As downloads of open-source AI models and frameworks are expected to surge explosively in 2026, NVIDIA announced a major update to its desktop AI development platform, DGX Spark, at CES 2026. This update delivers performance gains of up to 2.5× through software optimization alone, while also introducing a new suite of tools and workflows tailored for Agentic AI development. Notably, DGX Spark can now operate in tandem with the latest RTX 5090 GPU, significantly accelerating 3D content creation pipelines.
NVIDIA emphasized that since the launch of DGX Spark, continuous tuning in collaboration with the open-source community, along with updates to the software stack, has resulted in substantial performance improvements.
According to official benchmarks, performance on the Qwen-235B model has increased by more than 2.5× compared to the initial release, thanks to the latest version of TRT-LLM and the NVFP4 quantization technique. Stable Diffusion 3.5 Large and PyTorch fine-tuning workloads have also seen gains exceeding 2×. This means developers can achieve markedly faster inference and training speeds on the same hardware. To further lower the barrier to entry, NVIDIA has released seven new Playbooks—practical development guides covering everything from inference and fine-tuning to data science:
- Inference: Expanded support for VLLM, SGLang, and TRT-LLM, along with speculative decoding.
- Fine-Tuning: A major highlight of this release. DGX Spark now supports PyTorch fine-tuning across two linked DGX Spark systems, which is particularly valuable for memory-intensive workloads such as FLUX.1 Dreambooth LoRA and LLAMA Factory fine-tuning.
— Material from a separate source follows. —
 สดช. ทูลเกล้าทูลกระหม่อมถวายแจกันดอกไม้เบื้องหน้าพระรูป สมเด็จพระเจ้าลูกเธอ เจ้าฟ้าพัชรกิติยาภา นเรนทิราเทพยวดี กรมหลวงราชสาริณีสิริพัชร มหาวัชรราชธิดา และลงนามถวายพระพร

- Tools: Addressing one of developers’ most persistent challenges—CUDA programming—NVIDIA introduced Nsight Copilot, an AI assistant that runs offline directly on DGX Spark devices. It helps generate CUDA kernel code (such as FP4 matrix multiplication) while ensuring sensitive data never leaves the device. DGX Spark is no longer just a standalone workstation; it can now also function as a powerful external accelerator.
- MacBook Pro Acceleration: Connected over a local network, DGX Spark can boost AI video generation on MacBook Pro systems (M4 Max and above) by up to 8×. In ComfyUI, generating 4K video with FLUX.1 and WAN 2.2 models previously took eight minutes—now it takes just one.
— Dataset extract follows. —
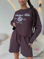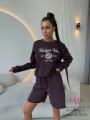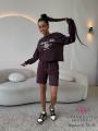 Стильный костюм в спортивном стиле, состоящий из укороченного свитшота и шорт Комфортный трикотаж, свободный крой и винтажный принт создают расслабленный и модный образ, идеально подходящий для повседневной носки и активного отдыха.

- RTX 5090 Collaboration: For game mod creators, NVIDIA demonstrated a collaborative workflow combining RTX 5090 and DGX Spark. Creators can handle mod editing on the RTX 5090 while offloading time-consuming texture generation tasks to DGX Spark, enabling a seamless and uninterrupted RTX Remix creative experience.
In the realm of Physical AI, NVIDIA also announced a partnership with Hugging Face to power the open-source robot Reachy Mini using DGX Spark. Developers can leverage DGX Spark’s computational capabilities to build AI agents and directly control this compact robot, designed specifically for human–machine interaction experiments.
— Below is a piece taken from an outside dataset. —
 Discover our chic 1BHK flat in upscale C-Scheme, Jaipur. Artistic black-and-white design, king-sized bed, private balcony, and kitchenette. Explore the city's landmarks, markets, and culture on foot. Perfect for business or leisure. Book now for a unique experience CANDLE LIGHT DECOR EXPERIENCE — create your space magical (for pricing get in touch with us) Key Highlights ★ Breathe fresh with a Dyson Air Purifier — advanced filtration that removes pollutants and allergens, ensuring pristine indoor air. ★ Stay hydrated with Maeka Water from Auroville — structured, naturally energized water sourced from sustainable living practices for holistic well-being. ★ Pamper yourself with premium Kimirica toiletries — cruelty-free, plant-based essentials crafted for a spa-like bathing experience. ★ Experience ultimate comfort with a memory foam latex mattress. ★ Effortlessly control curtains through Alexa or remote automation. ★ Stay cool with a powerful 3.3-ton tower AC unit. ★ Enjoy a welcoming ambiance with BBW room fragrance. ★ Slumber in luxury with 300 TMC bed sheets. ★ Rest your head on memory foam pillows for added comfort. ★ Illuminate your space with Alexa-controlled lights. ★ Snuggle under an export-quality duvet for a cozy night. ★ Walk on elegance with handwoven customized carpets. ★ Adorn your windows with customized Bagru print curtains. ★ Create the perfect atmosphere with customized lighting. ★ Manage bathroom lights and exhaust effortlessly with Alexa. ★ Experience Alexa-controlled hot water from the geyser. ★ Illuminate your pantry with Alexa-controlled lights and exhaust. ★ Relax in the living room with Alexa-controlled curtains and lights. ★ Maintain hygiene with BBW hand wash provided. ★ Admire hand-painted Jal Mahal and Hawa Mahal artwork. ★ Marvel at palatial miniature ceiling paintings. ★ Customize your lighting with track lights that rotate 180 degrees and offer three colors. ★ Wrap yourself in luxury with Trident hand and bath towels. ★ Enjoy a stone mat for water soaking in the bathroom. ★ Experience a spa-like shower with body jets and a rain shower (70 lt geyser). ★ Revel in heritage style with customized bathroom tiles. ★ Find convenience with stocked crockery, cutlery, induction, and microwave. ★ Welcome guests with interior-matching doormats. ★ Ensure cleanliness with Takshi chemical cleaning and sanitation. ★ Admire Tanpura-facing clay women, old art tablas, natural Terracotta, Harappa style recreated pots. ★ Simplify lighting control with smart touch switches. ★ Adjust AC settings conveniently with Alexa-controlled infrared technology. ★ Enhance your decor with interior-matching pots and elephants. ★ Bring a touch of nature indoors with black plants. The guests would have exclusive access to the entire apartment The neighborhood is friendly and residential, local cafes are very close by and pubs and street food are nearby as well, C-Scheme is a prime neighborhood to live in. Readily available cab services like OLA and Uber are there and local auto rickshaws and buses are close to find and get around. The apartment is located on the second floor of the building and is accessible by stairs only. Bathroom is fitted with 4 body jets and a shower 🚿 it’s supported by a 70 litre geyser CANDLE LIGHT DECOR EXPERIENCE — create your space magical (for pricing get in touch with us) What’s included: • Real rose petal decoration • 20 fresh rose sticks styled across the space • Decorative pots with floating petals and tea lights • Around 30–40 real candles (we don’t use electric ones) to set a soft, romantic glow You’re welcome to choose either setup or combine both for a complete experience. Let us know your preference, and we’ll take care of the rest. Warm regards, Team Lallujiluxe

In addition, the NVIDIA AI Enterprise software suite will officially add support for DGX Spark by the end of January. This unlocks a wide range of edge-AI scenarios, including quality inspection in smart manufacturing, loss-prevention analytics in retail, and real-time analysis at the point of care in healthcare settings. In my view, as AI models continue to grow larger, the rising cost and privacy concerns of cloud-based inference are becoming increasingly apparent. This DGX Spark update clearly reinforces NVIDIA’s strategic moat in on-premises AI development.
By enabling dual-system fine-tuning and on-device execution of Nsight Copilot, NVIDIA directly addresses enterprises’ core concern: keeping data in-house. Meanwhile, cross-platform collaboration with RTX 5090 GPUs and MacBooks elevates DGX Spark from a pure compute platform into an indispensable “AI power add-on” on the desks of creators and developers alike. With OEM partners such as ASUS, Dell, HP, and Lenovo joining the ecosystem to launch DGX Spark–based designs, 2026 is poised to deliver a wave of desktop-class AI solutions built on this architecture.